Amman: Syrian troops backed by tanks and artillery moved into a rebel-held district of Damascus on Monday, stepping up efforts to drive opposition fighters from the capital and build on battlefield gains elsewhere in the country, a rebel commander said.

Opposition sources said troops loyal to President Bashar Al Assad advanced into the neighbourhood of Qaboun after subjecting the district to heavy shelling. Two adjacent rebel-held neighbourhoods have been under sustained fire in recent weeks to cut off the movement of rebel fighters.

Diplomats and security sources said Al Assad appeared intent on securing the capital from rebels that pose a threat to his troops, who are dug into positions in the centre of the city.

Backed by fighters from the Hezbollah, Al Assad has recaptured important regions in central Syria in the past two months, linking Damascus to his Alawite heartland on the coast. His troops now appear focused on eliminating the rebel threat to the capital.

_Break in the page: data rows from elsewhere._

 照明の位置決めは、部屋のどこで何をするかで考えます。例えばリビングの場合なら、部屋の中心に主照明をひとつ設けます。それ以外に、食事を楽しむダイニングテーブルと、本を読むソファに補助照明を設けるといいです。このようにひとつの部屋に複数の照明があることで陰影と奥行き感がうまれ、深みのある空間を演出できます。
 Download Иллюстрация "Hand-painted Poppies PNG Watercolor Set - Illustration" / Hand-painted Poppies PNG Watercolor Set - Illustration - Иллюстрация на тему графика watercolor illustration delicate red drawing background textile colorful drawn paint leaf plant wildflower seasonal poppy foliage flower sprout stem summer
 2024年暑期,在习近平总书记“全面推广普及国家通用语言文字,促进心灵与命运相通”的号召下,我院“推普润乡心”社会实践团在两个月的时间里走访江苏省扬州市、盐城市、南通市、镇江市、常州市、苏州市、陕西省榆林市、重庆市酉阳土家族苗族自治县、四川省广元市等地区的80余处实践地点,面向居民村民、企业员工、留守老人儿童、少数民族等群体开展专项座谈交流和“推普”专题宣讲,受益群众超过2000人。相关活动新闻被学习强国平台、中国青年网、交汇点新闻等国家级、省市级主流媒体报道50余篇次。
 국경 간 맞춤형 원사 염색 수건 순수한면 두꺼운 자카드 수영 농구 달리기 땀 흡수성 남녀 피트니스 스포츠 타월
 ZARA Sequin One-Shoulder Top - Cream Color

In Qaboun, Republican Guards troops detained hundreds of people in public places to prevent rebel fighters from hitting government troops as they breached rebel defences and entered the district, activists said.

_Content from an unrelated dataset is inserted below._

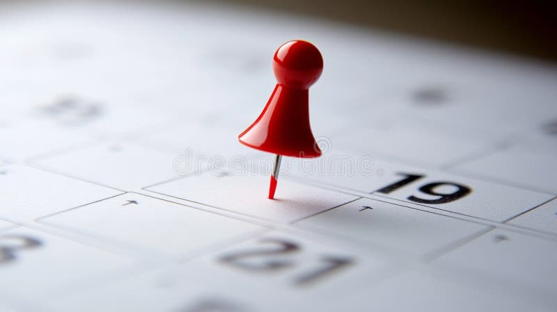 Vibrant Red Pushpin Marks Date on Calendar in Close Up Focus Image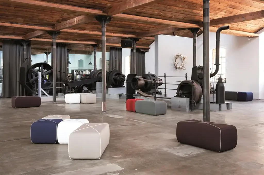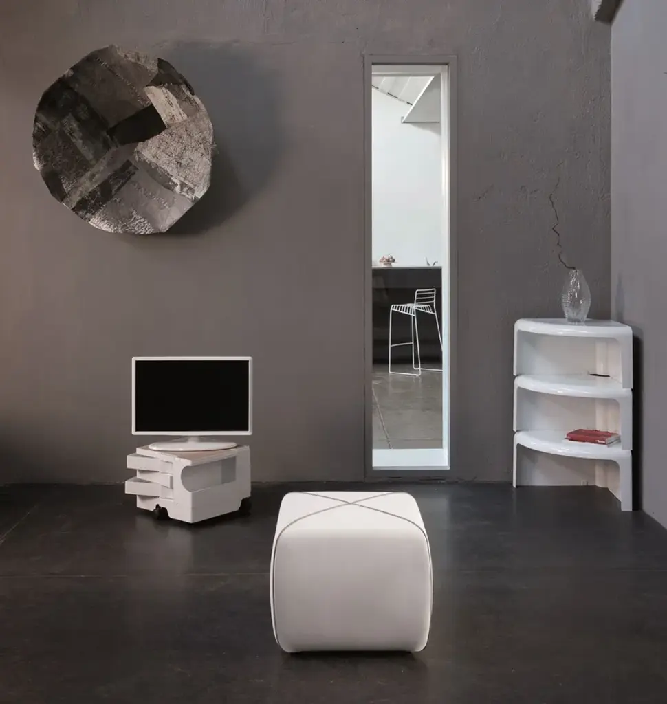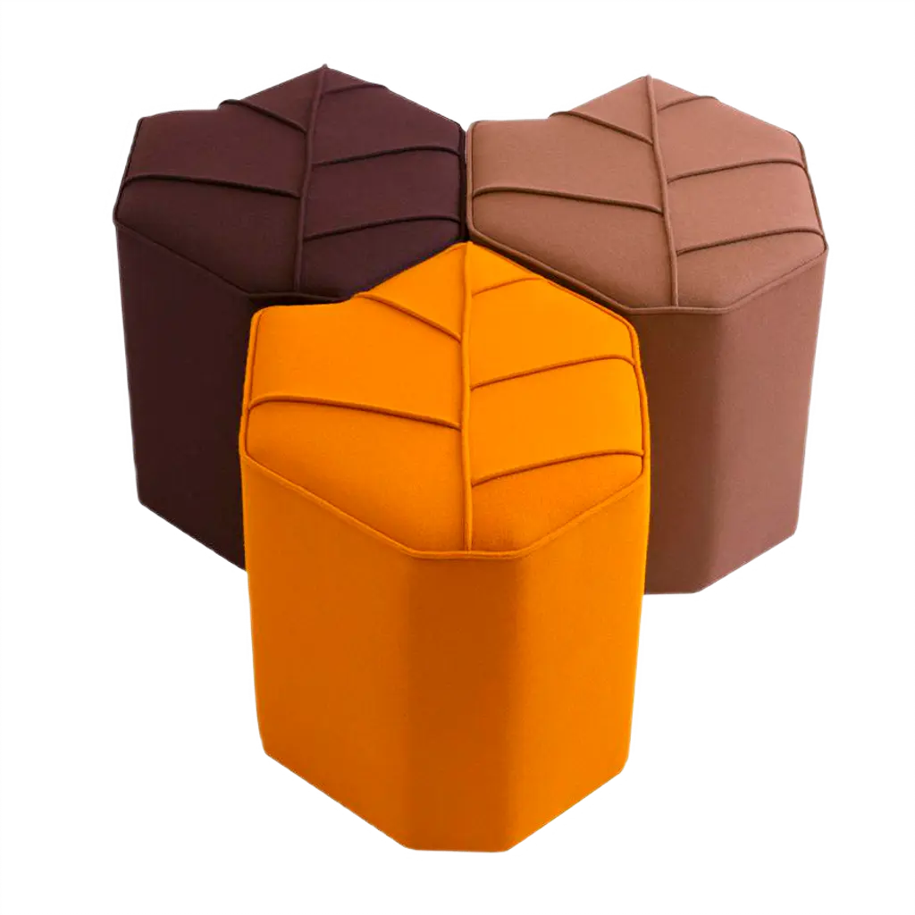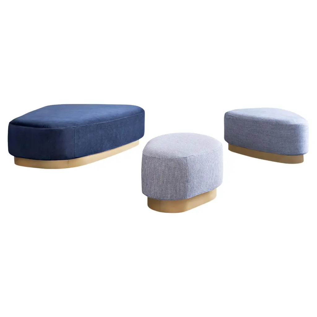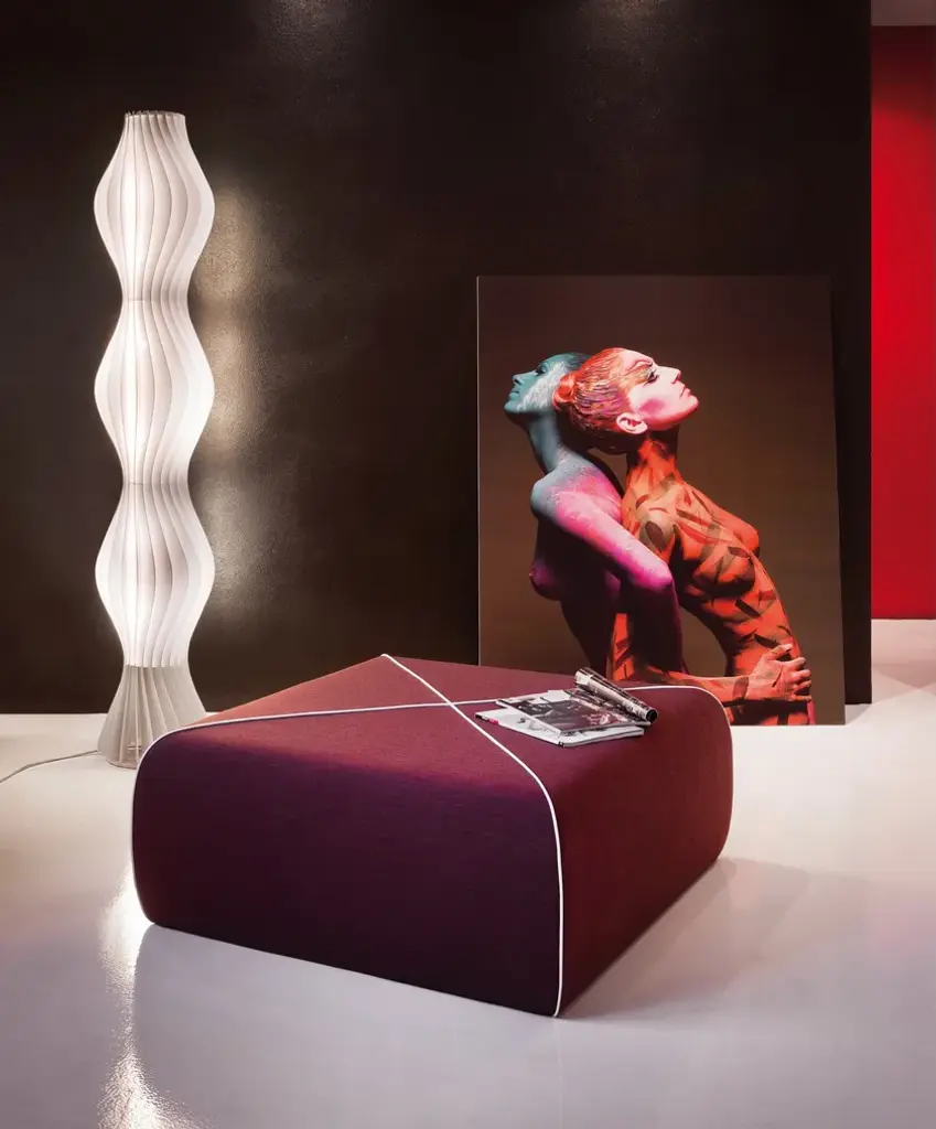 Crossed - Soft padded pouf with contrasting cross stitching available in two versions with square and rectangular bases that can be mixed and matched to create various shape and colour arrangements. Made of polyurethane foam upholstered in fabric or leather.

There was no immediate comment on the fighting from the Syrian government and Reuters was not able to verify opposition accounts.

Qaboun contains an industrial area through which rebels had been linking up with opposition units in the north-eastern suburb of Harasta.

Republican Guards units overran the industrial area and besieged Qaboun with T-72 tanks while units on high ground in the centre of the capital hit Qaboun with rockets and artillery, according to a rebel commander there.

“They made inroads into Qaboun. We are still on the high buildings but they took lots of civilians to prevent us from hitting them,” said Mohammad Abu Al Hoda of the Free Syrian Army.

He said the hostages were being held in a mosque and two schools.

The Qaboun Coordination Committee, an activist group, said at least 60 people had been killed in Qaboun over the last few days by the shelling and subsequent clashes.

A working class district, Qaboun was one of the first areas of Damascus to demonstrate against four decades of rule by Al Assad and his late father before becoming a centre of armed resistance after security forces killed dozens of protesters.

The conflict has taken on a sectarian dimension seen elsewhere in Syria, with Qaboun pitted against an adjacent neighbourhood inhabited by members Al Assad’s Alawites.

The opposition Syrian National Coalition said in a statement that 200 people were trapped in a mosque in Qaboun and 40,000 civilians in Qaboun and nearby Barzeh have been under siege for the last seven months and face the threat of being wiped out by indiscriminate shelling.

The Syrian Observatory for Human Rights, a pro-opposition monitoring group, said that the detained residents were able to flee the mosque on Saturday. But it said locals were struggling to cope with shortages of food and medicine and the presence of snipers.